BEGIN Record excerpts

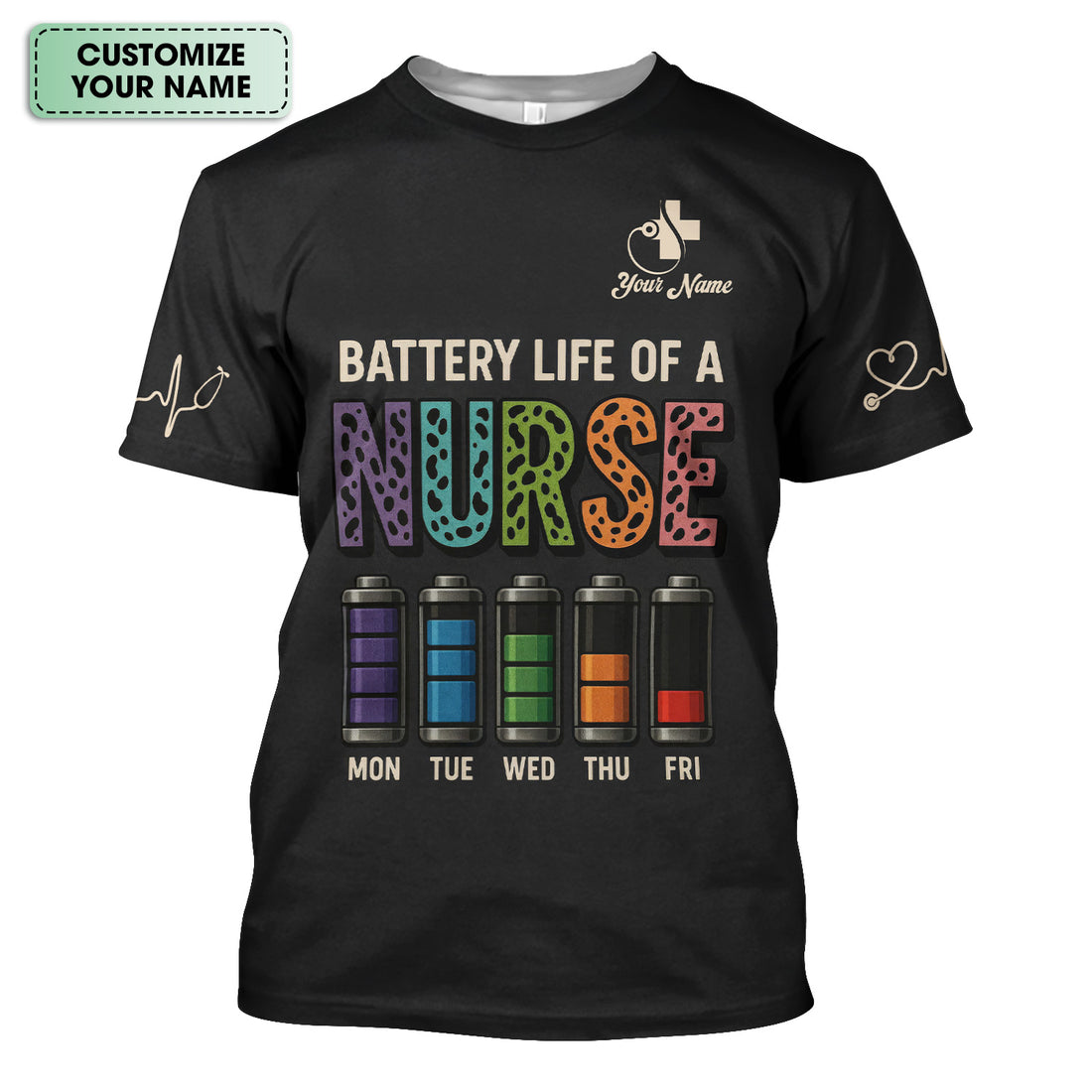 Custom Battery Life Nurse Shirt - Battery Life of a Nurse Graphic Tee - RN LPN CNA Healthcare Workers Gift
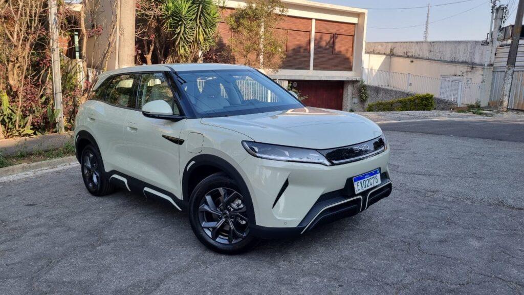 Nesse novo desenho nota-se a dianteira com amplas lanternas, para-choques com duplas entradas que estão nas laterais e se repetem na traseira além de lanternas unidas em uma só peça de forma entrelaçada como no Dolphin. Essa aliás é sua proposta: ser um SUV do Dolphin que é um dos elétricos mais populares do país (o outro é o Dolphin Mini da própria BYD).
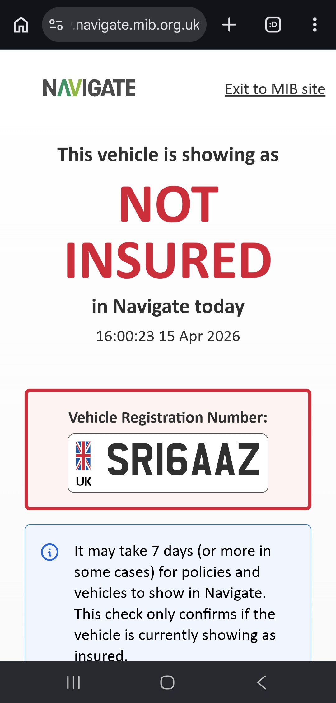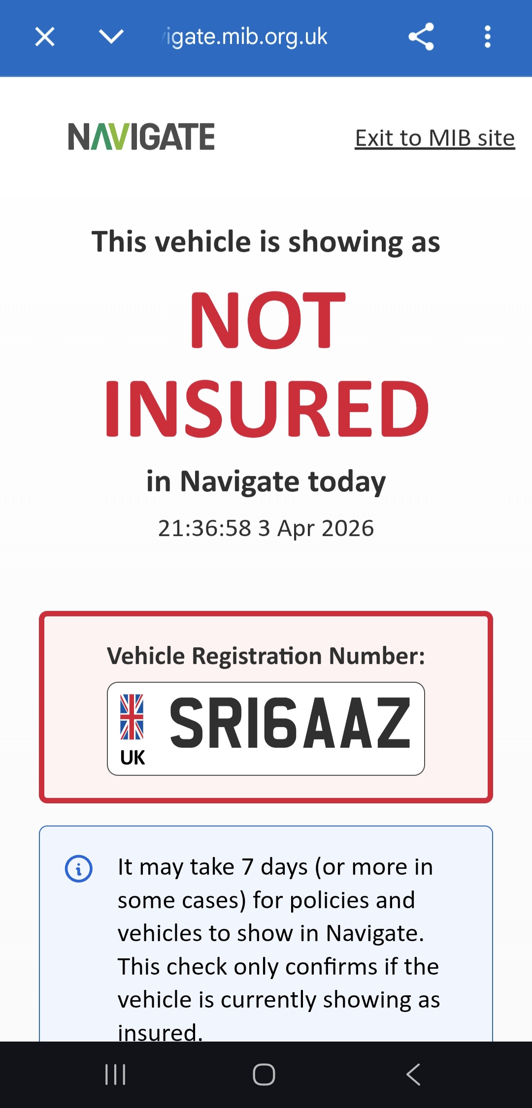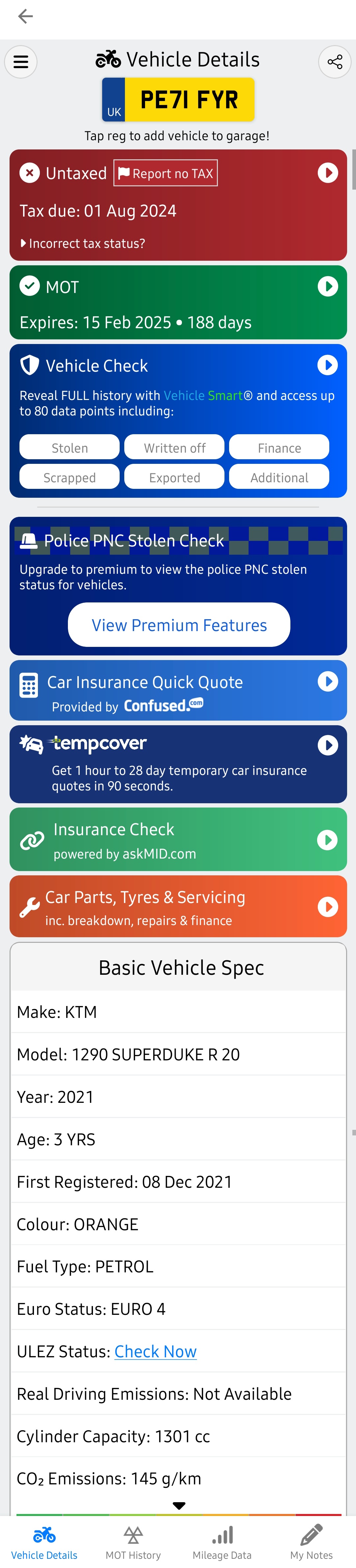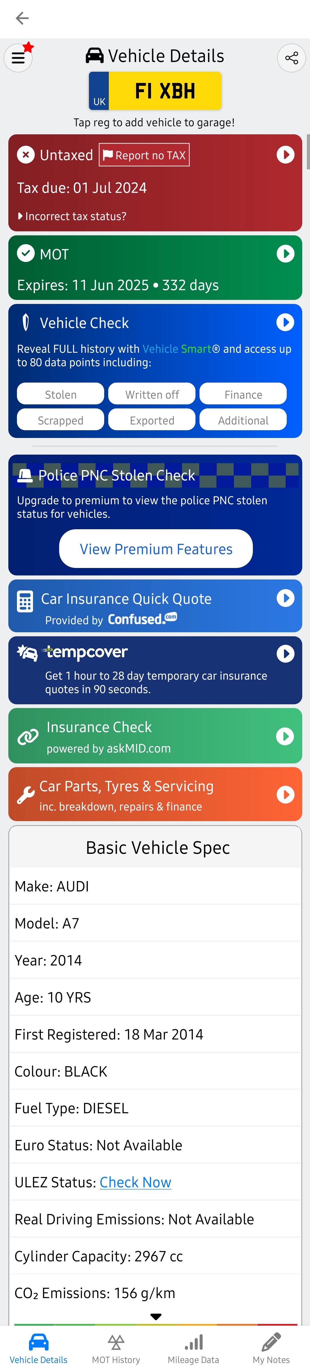 Could not be found on the DVLA platform. Please double check the vehicle registration.
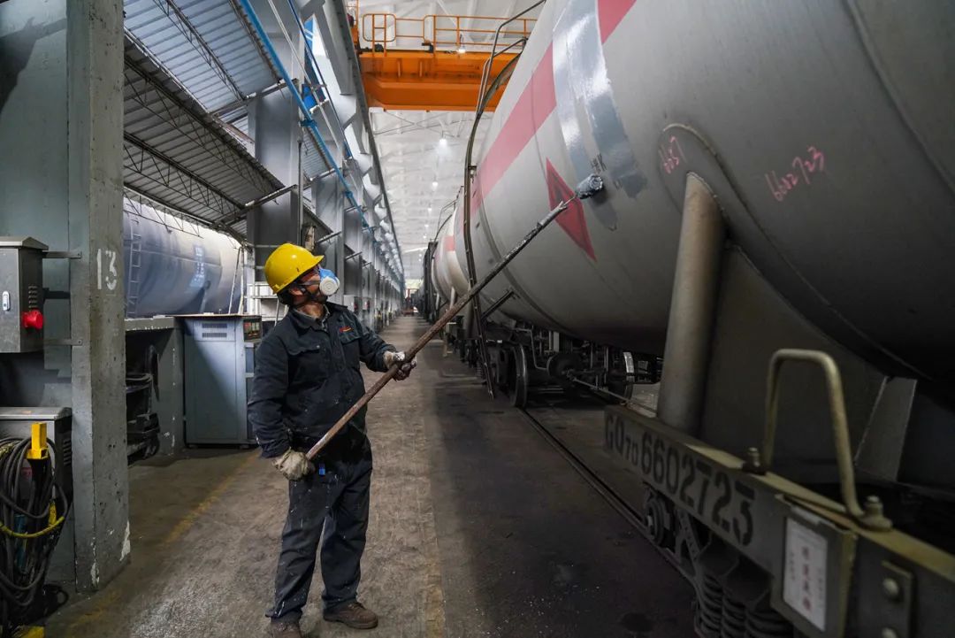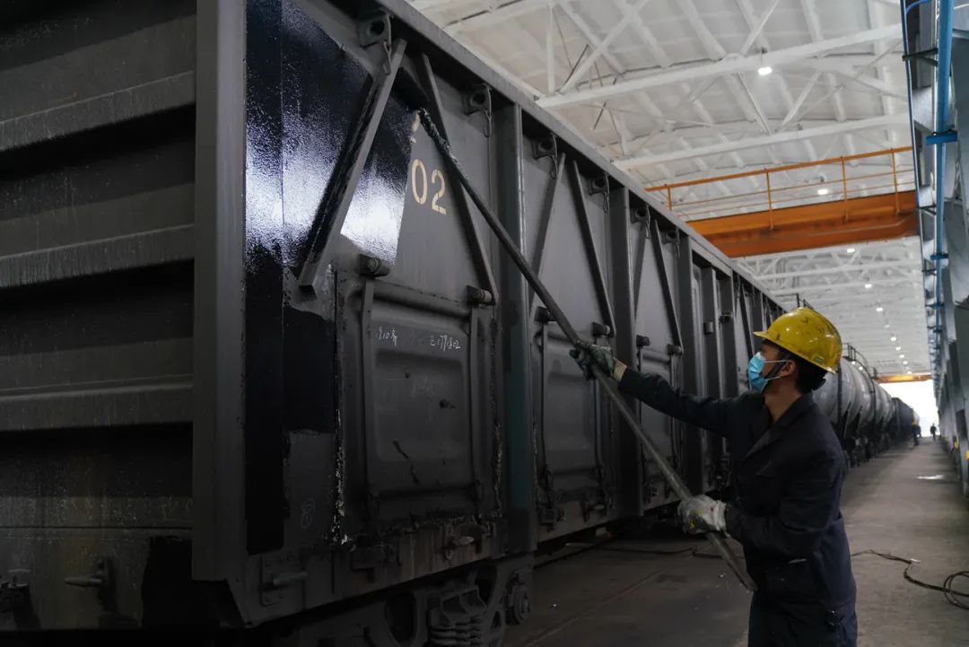 傍晚,随着验收员签好字,油漆组今天的任务顺利完成。进入春运,年关将近,各地区电厂使用原油、煤量大增,铁路专用油罐车、敞车需求量明显增加 ,黄桦军和同事们愈加忙碌。在预修棚里,他们就是一支奔走的铁路“迷彩军”。
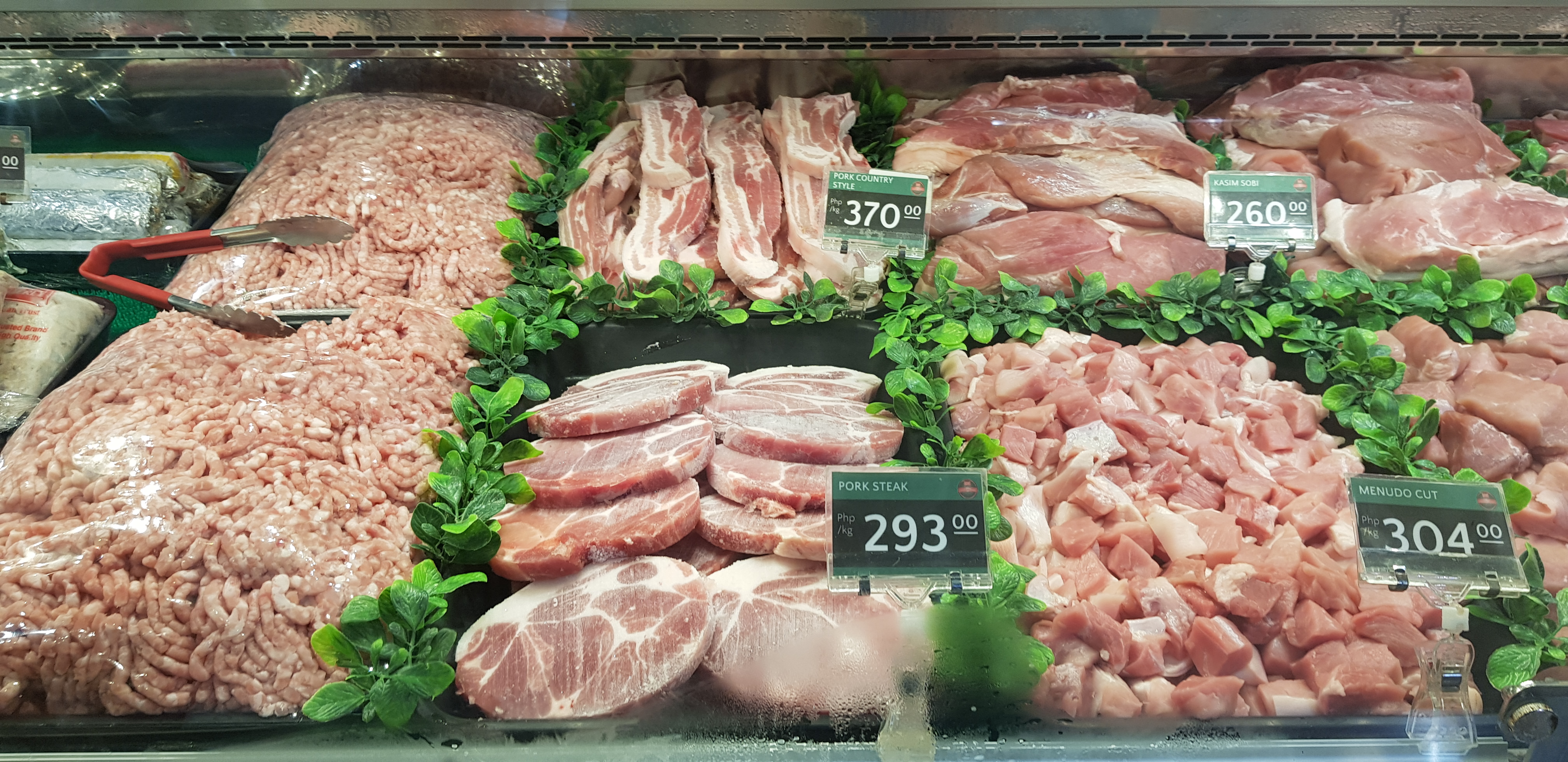 무엇보다 고기가 싸서 냉큼 사 왔습니다. 돼지 목살 같은데 Pork steak라고 쓰여 있는 것을 1kg 사 왔어요. 293 페소면 6천 원 정도 하는 건데 그럼 100g당 600원이잖아요. 우리나라에서 적어도 100g에 1500원 이상 하는데 거의 반값 이하라 얼른 샀습니다. ㅎㅎㅎ
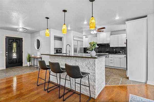 Discover this beautiful 4bed, 4bath home in a peaceful, wooded setting. This multi-level home offers space, functionality, and comfort. Inside, enjoy an open-concept living room and kitchen with a large walk in pantry, perfect for entertaining. The main floor also features a sunroom, a bedroom, full bathroom, and a dedicated home office. Upstairs, enjoy a spacious primary suite with a luxury walk-in closet and private ensuite bath. You'll also find another generously sized bedroom with a walk-in closet, full bath, and convenient laundry room. The finished basement is perfect for extended guests or hosting events, featuring a second kitchen with pantry, a large recreational room, utility closet, and a bedroom with full bath and walk-in closet. Please take a look at our attached supplements for a full list of in home features. Located just 3.5 miles from Lake Atlanta and 4 miles from Downtown Rogers.
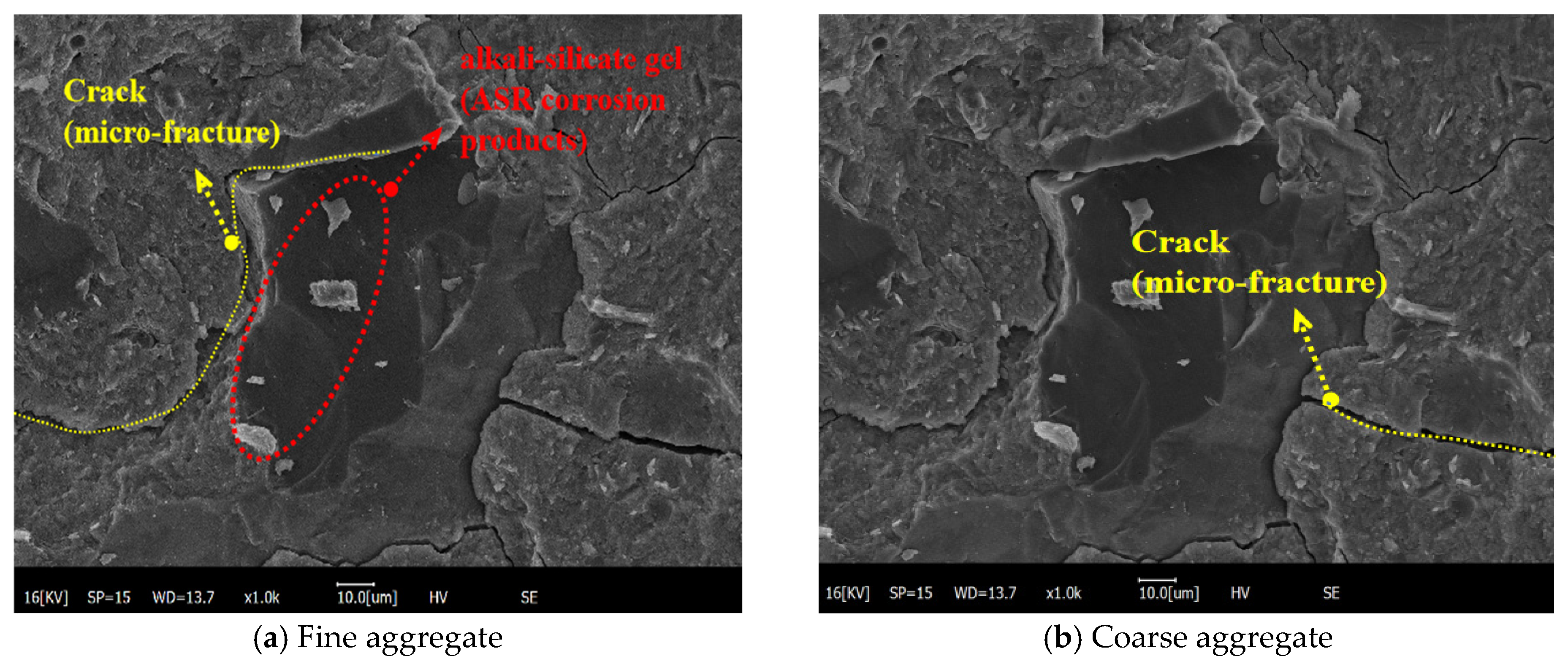 - Mesoscale simulations of alkali-exposed HPC under uniaxial compression revealed distinct failure mechanisms correlated with strength. Low-strength specimens exhibited poor integrity, with cracks initiating from multiple sites, propagating extensively, and causing pronounced spalling. Conversely, high-strength concrete demonstrated superior crack resistance, characterized by fewer, more localized cracks that often coalesced into a single dominant shear fracture. Cross-sectional analysis confirmed that cracking consistently initiated within the mortar phase and propagated inwards under load, ultimately forming characteristic diagonal failure planes. By studying the SEM-EDS images, it was found that ASR only occurs in the local area of HPC, and does not cause serious cracking damage, which shows the design of the specific mix ratio HPC in this paper can effectively inhibit ASR. And HPC still has good corrosion resistance in long-term alkali solution immersion.

END Record excerpts

Assignment
Write out the material exactly as it stands, omitting every picture.

Output for this exercise
 Custom Battery Life Nurse Shirt - Battery Life of a Nurse Graphic Tee - RN LPN CNA Healthcare Workers Gift
 Nesse novo desenho nota-se a dianteira com amplas lanternas, para-choques com duplas entradas que estão nas laterais e se repetem na traseira além de lanternas unidas em uma só peça de forma entrelaçada como no Dolphin. Essa aliás é sua proposta: ser um SUV do Dolphin que é um dos elétricos mais populares do país (o outro é o Dolphin Mini da própria BYD).
 Could not be found on the DVLA platform. Please double check the vehicle registration.
 傍晚,随着验收员签好字,油漆组今天的任务顺利完成。进入春运,年关将近,各地区电厂使用原油、煤量大增,铁路专用油罐车、敞车需求量明显增加 ,黄桦军和同事们愈加忙碌。在预修棚里,他们就是一支奔走的铁路“迷彩军”。
 무엇보다 고기가 싸서 냉큼 사 왔습니다. 돼지 목살 같은데 Pork steak라고 쓰여 있는 것을 1kg 사 왔어요. 293 페소면 6천 원 정도 하는 건데 그럼 100g당 600원이잖아요. 우리나라에서 적어도 100g에 1500원 이상 하는데 거의 반값 이하라 얼른 샀습니다. ㅎㅎㅎ
 Discover this beautiful 4bed, 4bath home in a peaceful, wooded setting. This multi-level home offers space, functionality, and comfort. Inside, enjoy an open-concept living room and kitchen with a large walk in pantry, perfect for entertaining. The main floor also features a sunroom, a bedroom, full bathroom, and a dedicated home office. Upstairs, enjoy a spacious primary suite with a luxury walk-in closet and private ensuite bath. You'll also find another generously sized bedroom with a walk-in closet, full bath, and convenient laundry room. The finished basement is perfect for extended guests or hosting events, featuring a second kitchen with pantry, a large recreational room, utility closet, and a bedroom with full bath and walk-in closet. Please take a look at our attached supplements for a full list of in home features. Located just 3.5 miles from Lake Atlanta and 4 miles from Downtown Rogers.
 - Mesoscale simulations of alkali-exposed HPC under uniaxial compression revealed distinct failure mechanisms correlated with strength. Low-strength specimens exhibited poor integrity, with cracks initiating from multiple sites, propagating extensively, and causing pronounced spalling. Conversely, high-strength concrete demonstrated superior crack resistance, characterized by fewer, more localized cracks that often coalesced into a single dominant shear fracture. Cross-sectional analysis confirmed that cracking consistently initiated within the mortar phase and propagated inwards under load, ultimately forming characteristic diagonal failure planes. By studying the SEM-EDS images, it was found that ASR only occurs in the local area of HPC, and does not cause serious cracking damage, which shows the design of the specific mix ratio HPC in this paper can effectively inhibit ASR. And HPC still has good corrosion resistance in long-term alkali solution immersion.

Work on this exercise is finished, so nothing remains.